Broached Commissions cofounder and creative director Lou Weis says the Melbourne-based studio’s design works draw from Australian history and are influenced by how the country has retained traditional culture during globalization.
*Broached Colonial, Dream Lantern is designed by Chen Lu, who attributes his style to his Chinese heritage.
“What happens to design when it migrates? It’s one of our core issues,” Weis, who was in Beijing launching the group’s first exhibition in China, Broached Retreat, at Beijing’s Ullens Center for Contemporary Arts.
“Each collection is based on different events in Australian history, which are known by everyone and conjure common assumptions. It’s important for people to revisit these important historical events and realize that they were filled with the same dilemmas that confront our daily life today. The problems of mass production, the threat to local cultures, all emerge from the origins of industrialization of globalization.”

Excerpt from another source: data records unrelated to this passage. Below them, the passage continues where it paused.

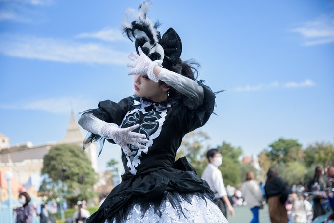 #Dハロ仮装2022 👻Spooky Boo! parade👻 今年もゴスロリダンサーやりました♡ スカートのスパンコール部分を本家と同じ布に出来て大満足です!笑 ダンサーさんに少しでも近づけてたら嬉しい🥲💕 photo by @cyaan_dd
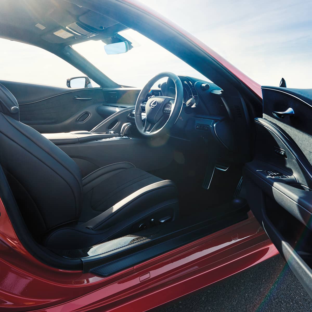 Close up of the driver’s seat of a red Lexus LC. Book a test drive to experience the pleasure of driving a Lexus.
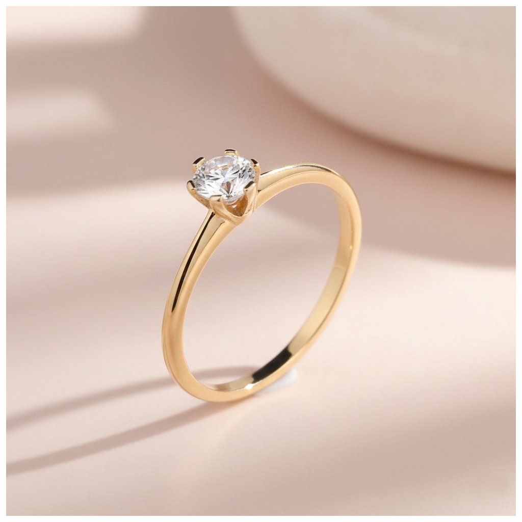 Prsteň zo žltého zlata vhodný ako zásnubný s bielym zirkónom. Priemer kameňa je 4mm a je osadený v šiestich krapniach. Prsteň je vo veľkosti 54. Obsahuje až 1,45 g, 14k zlata.
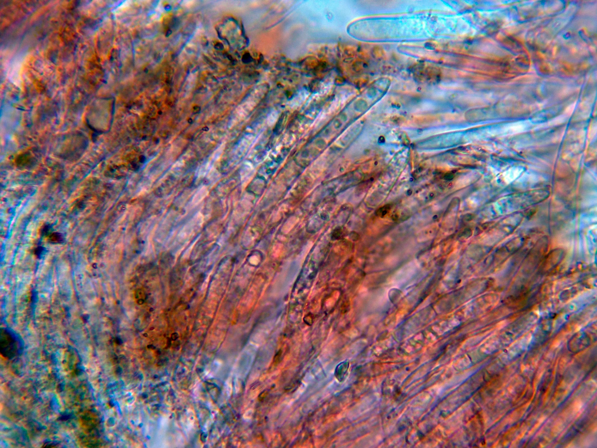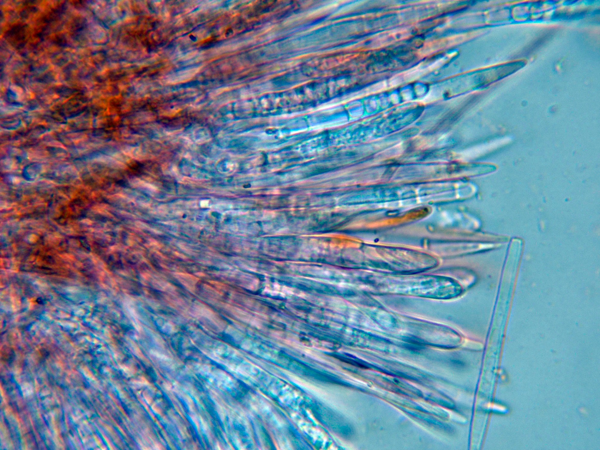 Paráfisis multigutuladas que sobresalen considerablemente por encima del nivel de los ascos, con unas medidas de (59.2) 62 - 89.6 (89.8) × (3.6) 3.9 - 5.8 (6) µm.
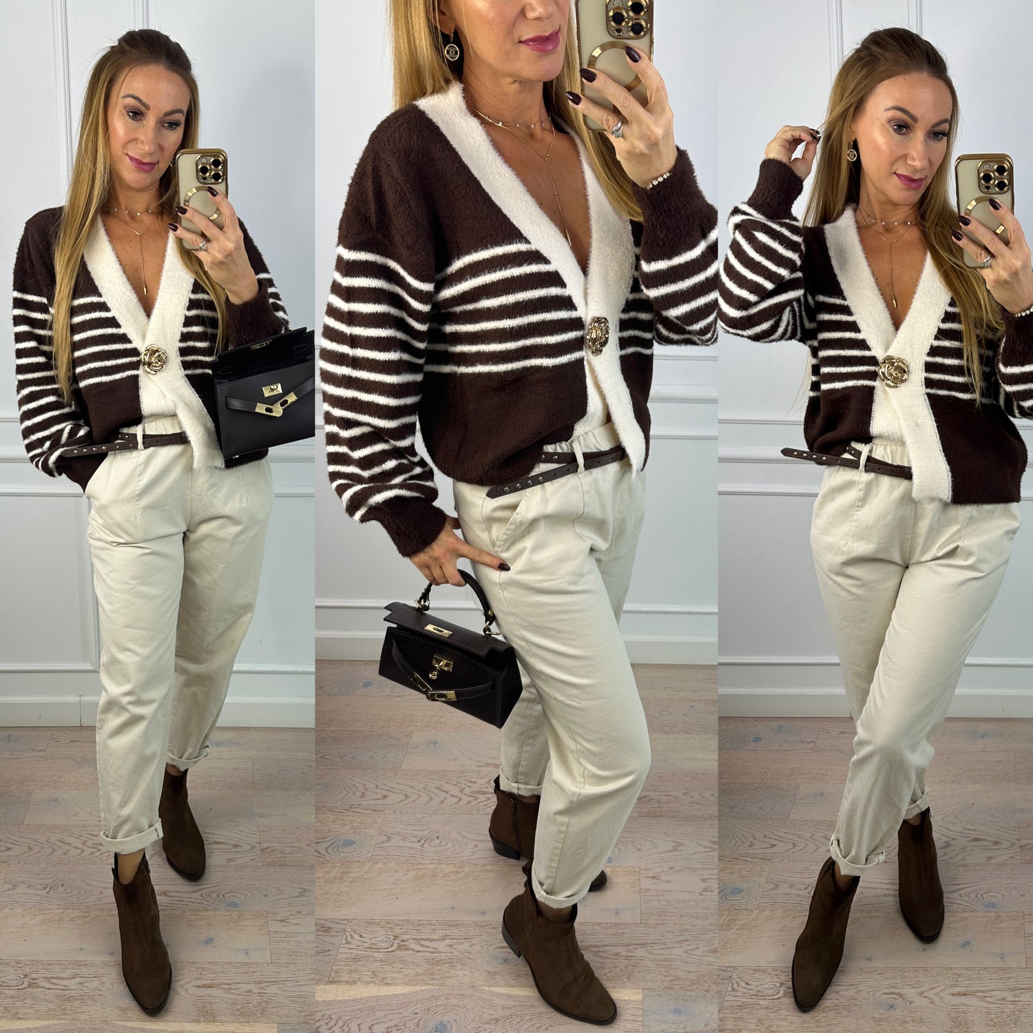 Sweter TALEDA / BRĄZOWO-KREMOWY

In the exhibition, the artistic director reviews some of the group’s most important works, mainly from the two collections – Broached Colonial, which explores the colonial period, and Broached East, which focuses on what’s by some measures the largest migration in human history, from 1850 to around 1930. That was when 130 million people, mostly from China and India, moved to the country, influencing the Western world in ways ranging from art to architecture.
“Broached Commissions was born out of a desire to create a series of works reflecting the country’s relationship to globalization. We have been focusing on portraying Australia’s unique role as in the middle between European cultures and their neighbors in Asia,” says Weis, who studied cultural theory at university.

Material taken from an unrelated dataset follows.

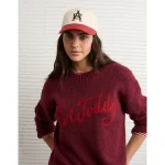 AE Woah So Soft Classic Crew Neck Sweater – Maroon
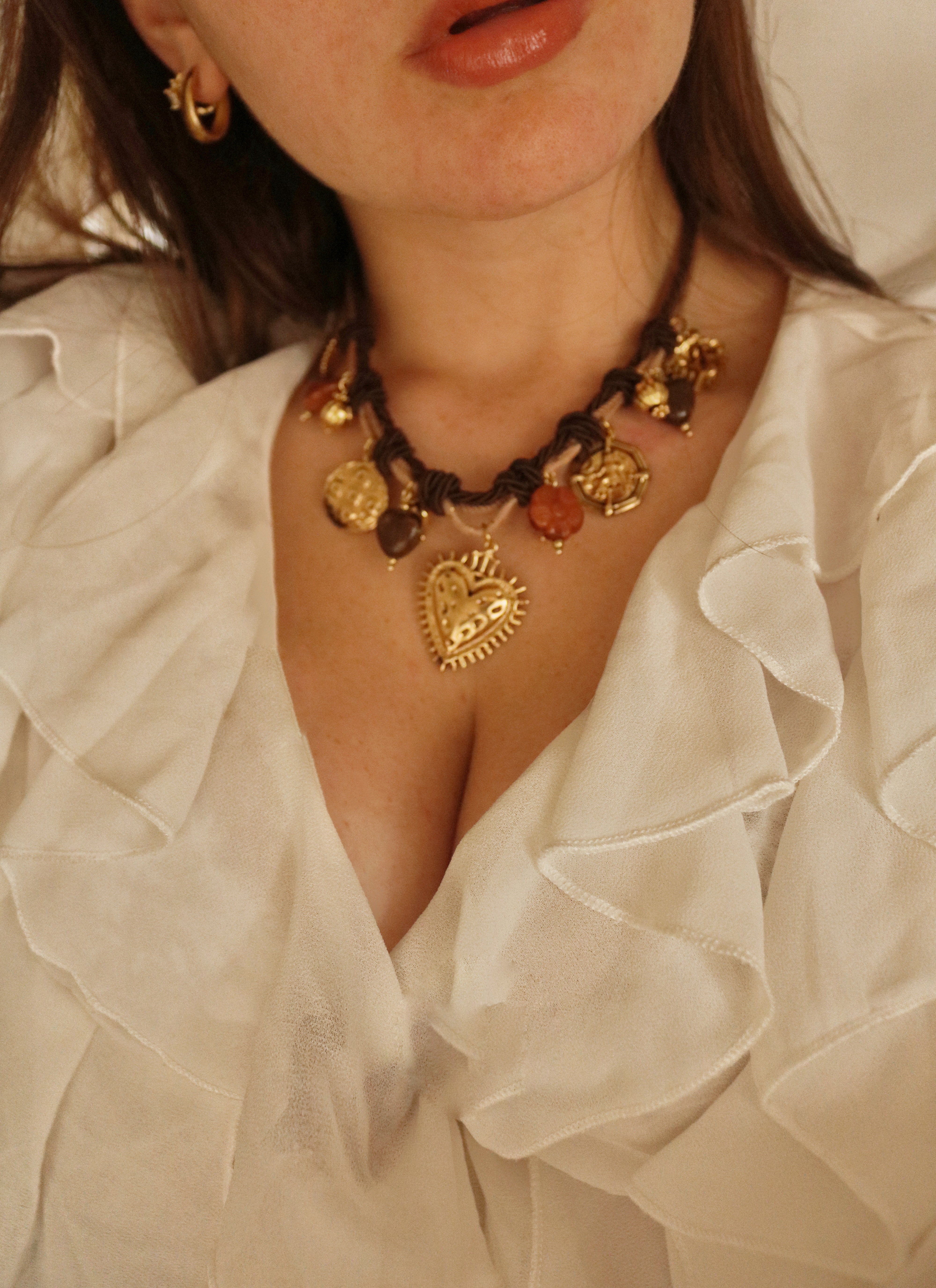 Uma fusão moderna entre a textura da corda e o brilho dos charms dourados. O Colar Orya é a peça ideal para elevar o seu visual com simplicidade e personalidade.

These studies later nurtured a fascination with urban environments.
“Australia was born at the beginning of the industrial revolution and so has always been connected to cycles of modernization and has always been willing to accept each new trend in design. We want to tackle cliche and make it relevant to contemporary design,” Weis says.
The exhibition displays 12 pieces by eight designers and includes a few new works commissioned by UCCA director Philip Tinari, who’s also a writer and art critic in Beijing.
As the first design exhibition at UCCA, Broached Retreat displays the works in a pavilion with two rooms – a “masculine” and a “feminine” space.
“We imagined a couple who, although in love, decided they needed separate rooms for relaxation and reflection. That’s why we titled the exhibition Broached Retreat,” Weis says.
The show continues the studio’s tradition of presenting collaborations between core and guest designers.
“Their nationalities, and therefore their cultural life, is deeply connected to our design story,” Weis says.
Taiwan-born, Sydney-based designer Chen Lu, who designed the pavilion, explains that the two rooms – one black and one white – reference Mies van der Rohe’s architecture and traditional Chinese pavilions.
He explains the stone walls symbolize rock formations associated with scholars in traditional Chinese culture, while the use of black cloth printed with Chinese ink painting hints at modern interpretations of traditional art forms. They take on new meanings and become the interior’s skin. He also designed a dressing table to fit in the pavilion context.
Chen attributes his design style to his Chinese heritage. He links the past to the present through dark, or yin, and light, or yang, spaces and establishes dialogues between public and private domains.
“My Chinese heritage is forever within my decision making, and it is ingrained with my aesthetic sensibility,” he says.
“In Broached Retreat, this sensibility had evolved into a dialogue between East and West – not as opposites but as the dual perspectives that exist within me and within us today.”